Start at the line with "Akustické panely PERFO, navržené" in the records below, stop at the line with "6.2023年に優先したい時間『願望ギャップ』/ランキングTOP5", and return every line in that span exactly, the two end lines included.

Start of Material supplied

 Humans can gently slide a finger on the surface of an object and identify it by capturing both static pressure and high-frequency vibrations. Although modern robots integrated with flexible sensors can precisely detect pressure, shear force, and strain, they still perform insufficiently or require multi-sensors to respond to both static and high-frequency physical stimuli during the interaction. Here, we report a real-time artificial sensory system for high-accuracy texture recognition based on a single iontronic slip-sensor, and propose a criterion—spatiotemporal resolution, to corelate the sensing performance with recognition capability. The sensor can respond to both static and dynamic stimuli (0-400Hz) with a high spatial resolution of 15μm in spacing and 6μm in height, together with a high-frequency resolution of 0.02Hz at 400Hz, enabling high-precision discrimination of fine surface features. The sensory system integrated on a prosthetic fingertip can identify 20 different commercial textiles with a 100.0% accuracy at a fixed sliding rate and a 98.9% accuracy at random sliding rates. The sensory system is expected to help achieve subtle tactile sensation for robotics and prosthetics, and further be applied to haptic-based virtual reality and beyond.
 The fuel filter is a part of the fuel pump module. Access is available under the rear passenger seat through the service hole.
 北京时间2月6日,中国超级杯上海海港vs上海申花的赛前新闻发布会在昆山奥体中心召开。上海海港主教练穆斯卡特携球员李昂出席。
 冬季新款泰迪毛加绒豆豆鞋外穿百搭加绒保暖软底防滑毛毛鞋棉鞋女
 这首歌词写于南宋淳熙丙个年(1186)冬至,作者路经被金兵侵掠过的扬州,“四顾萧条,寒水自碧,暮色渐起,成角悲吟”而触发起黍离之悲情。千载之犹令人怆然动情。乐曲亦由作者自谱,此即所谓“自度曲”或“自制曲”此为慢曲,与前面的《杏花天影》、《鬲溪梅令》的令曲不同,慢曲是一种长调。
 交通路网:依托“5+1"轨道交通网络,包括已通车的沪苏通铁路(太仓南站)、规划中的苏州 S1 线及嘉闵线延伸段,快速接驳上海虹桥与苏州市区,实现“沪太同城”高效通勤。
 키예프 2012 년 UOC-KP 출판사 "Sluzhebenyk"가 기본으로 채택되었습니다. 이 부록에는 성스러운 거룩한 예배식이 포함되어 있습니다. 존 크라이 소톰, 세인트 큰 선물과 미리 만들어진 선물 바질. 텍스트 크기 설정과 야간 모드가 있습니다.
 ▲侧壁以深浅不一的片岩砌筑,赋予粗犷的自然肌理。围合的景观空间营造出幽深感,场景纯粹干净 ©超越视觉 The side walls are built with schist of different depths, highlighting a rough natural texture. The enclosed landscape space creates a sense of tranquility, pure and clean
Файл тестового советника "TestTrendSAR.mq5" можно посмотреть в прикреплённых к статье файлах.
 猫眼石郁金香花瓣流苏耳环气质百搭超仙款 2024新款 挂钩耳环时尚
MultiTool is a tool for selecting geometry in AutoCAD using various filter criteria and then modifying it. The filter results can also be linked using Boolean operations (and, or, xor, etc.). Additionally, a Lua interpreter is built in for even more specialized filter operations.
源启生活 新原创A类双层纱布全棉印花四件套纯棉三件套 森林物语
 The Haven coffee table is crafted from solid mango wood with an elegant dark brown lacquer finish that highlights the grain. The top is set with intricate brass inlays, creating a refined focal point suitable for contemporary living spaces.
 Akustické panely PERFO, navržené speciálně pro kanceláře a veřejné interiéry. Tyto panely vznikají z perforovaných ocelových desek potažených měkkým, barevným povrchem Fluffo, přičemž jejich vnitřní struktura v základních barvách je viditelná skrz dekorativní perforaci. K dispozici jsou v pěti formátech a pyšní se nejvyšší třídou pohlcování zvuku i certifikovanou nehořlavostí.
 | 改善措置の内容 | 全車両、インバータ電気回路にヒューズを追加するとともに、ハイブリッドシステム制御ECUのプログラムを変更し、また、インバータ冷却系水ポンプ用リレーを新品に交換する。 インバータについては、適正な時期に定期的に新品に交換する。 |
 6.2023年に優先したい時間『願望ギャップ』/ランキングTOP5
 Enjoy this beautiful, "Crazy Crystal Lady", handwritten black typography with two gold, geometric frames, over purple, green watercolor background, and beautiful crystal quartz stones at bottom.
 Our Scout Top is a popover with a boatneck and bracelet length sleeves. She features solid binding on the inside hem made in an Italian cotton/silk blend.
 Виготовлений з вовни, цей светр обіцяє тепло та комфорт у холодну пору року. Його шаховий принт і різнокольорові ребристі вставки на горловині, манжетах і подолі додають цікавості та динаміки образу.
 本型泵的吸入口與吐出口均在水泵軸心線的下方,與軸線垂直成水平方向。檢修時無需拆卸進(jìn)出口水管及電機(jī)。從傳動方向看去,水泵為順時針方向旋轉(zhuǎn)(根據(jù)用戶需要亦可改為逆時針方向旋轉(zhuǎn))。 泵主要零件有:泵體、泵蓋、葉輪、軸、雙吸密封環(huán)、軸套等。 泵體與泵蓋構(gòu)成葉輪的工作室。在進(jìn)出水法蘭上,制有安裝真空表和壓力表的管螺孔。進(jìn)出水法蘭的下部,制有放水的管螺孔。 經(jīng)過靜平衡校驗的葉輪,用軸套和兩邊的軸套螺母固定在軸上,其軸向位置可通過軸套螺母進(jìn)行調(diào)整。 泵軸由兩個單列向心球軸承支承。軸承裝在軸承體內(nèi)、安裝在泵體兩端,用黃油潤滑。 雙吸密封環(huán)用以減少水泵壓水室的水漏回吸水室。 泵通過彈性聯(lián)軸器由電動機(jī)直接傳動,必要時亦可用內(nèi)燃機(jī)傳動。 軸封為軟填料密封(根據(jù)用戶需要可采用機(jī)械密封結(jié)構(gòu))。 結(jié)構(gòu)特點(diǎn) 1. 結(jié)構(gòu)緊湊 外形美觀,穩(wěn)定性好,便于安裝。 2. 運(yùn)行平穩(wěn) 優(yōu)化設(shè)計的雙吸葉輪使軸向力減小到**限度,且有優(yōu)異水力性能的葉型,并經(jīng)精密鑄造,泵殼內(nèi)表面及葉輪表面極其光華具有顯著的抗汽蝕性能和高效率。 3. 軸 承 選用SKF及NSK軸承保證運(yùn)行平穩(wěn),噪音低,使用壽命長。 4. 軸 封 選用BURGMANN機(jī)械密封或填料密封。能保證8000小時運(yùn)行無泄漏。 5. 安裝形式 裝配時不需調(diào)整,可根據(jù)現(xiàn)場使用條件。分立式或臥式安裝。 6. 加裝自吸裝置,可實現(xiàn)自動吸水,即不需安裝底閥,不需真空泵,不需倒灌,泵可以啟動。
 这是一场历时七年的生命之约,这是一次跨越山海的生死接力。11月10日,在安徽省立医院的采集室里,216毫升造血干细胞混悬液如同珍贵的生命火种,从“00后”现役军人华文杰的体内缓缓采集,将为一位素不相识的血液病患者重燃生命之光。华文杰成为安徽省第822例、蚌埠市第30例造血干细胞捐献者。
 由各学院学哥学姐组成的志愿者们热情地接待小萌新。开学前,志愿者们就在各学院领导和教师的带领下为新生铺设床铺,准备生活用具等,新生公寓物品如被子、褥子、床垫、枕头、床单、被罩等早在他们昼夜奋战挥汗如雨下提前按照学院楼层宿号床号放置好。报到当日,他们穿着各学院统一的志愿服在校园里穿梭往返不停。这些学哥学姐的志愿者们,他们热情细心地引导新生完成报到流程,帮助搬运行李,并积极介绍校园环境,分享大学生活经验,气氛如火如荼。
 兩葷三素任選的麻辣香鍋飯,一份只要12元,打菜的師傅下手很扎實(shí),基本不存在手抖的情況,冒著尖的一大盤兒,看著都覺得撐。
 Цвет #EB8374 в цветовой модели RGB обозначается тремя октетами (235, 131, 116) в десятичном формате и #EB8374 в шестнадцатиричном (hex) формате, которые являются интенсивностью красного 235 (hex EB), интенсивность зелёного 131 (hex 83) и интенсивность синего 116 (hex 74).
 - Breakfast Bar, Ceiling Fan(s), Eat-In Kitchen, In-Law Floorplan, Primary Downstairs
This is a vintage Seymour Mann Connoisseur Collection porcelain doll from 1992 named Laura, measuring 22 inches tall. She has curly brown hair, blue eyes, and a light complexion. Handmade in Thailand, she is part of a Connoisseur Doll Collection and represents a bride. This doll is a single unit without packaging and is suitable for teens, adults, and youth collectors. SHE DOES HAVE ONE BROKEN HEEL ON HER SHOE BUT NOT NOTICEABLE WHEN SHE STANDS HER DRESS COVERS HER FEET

End of Material supplied

Task answer |
 Akustické panely PERFO, navržené speciálně pro kanceláře a veřejné interiéry. Tyto panely vznikají z perforovaných ocelových desek potažených měkkým, barevným povrchem Fluffo, přičemž jejich vnitřní struktura v základních barvách je viditelná skrz dekorativní perforaci. K dispozici jsou v pěti formátech a pyšní se nejvyšší třídou pohlcování zvuku i certifikovanou nehořlavostí.
 | 改善措置の内容 | 全車両、インバータ電気回路にヒューズを追加するとともに、ハイブリッドシステム制御ECUのプログラムを変更し、また、インバータ冷却系水ポンプ用リレーを新品に交換する。 インバータについては、適正な時期に定期的に新品に交換する。 |
 6.2023年に優先したい時間『願望ギャップ』/ランキングTOP5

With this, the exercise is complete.